You always give prophylaxis with dexamethasone eye drops with this drug anyway. Instead, once the eye starts to experience some changes, we increase [the dosage]. Once we start to see [improvement], then we taper it down slowly. You don’t want to expose the eye to too much dexamethasone because you get raised intraocular pressures and complications. As soon as you see an improvement, you start tapering that dose down, and then you go down to 4 times daily; then you might be able to stop for a bit. Every time you administer the drug, you always have to give the eye drops 4 times daily thereafter.

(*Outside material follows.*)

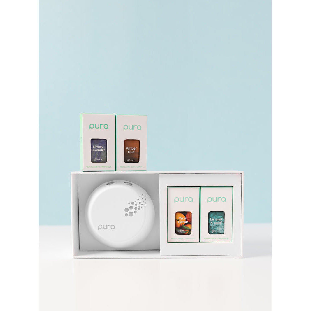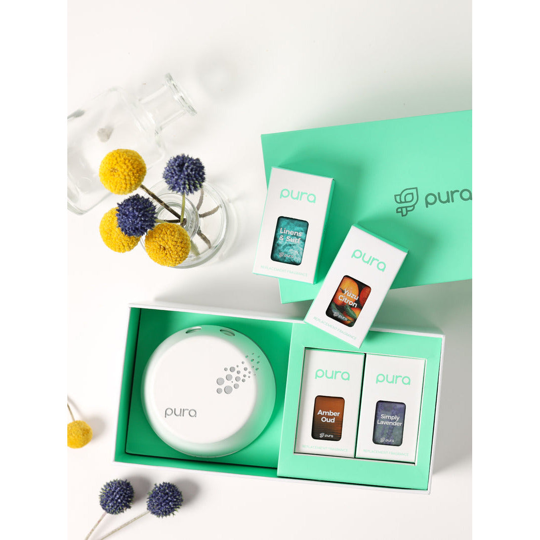 This set includes four of some of Pura’s favorite scents, Linens & Surf, Yuzu Citron, Amber Oud, and Simply Lavender, and a Pura Smart Fragrance Diffuser.

What should community oncologists know regarding these treatment-related toxicities?

When you see these eye toxicities, you do need to administer dexamethasone eye drops. Sometimes it can take quite some time for the eyes to get better. Some of our patients didn’t drop the doses for 3 months, and patients have still continued to respond. I’m trying to provide reassurance that if you start to see this eye toxicity and you’ve got a really good response, you can potentially afford to wait for the eye to get better, and then you can redose.

Additionally, this corneal toxicity is fully reversible. In all our patients, it completely resolves after a number of months. In our hands, it took 8 months since the last dose [of belantamab mafodotin] for it to completely resolve, but it does get better.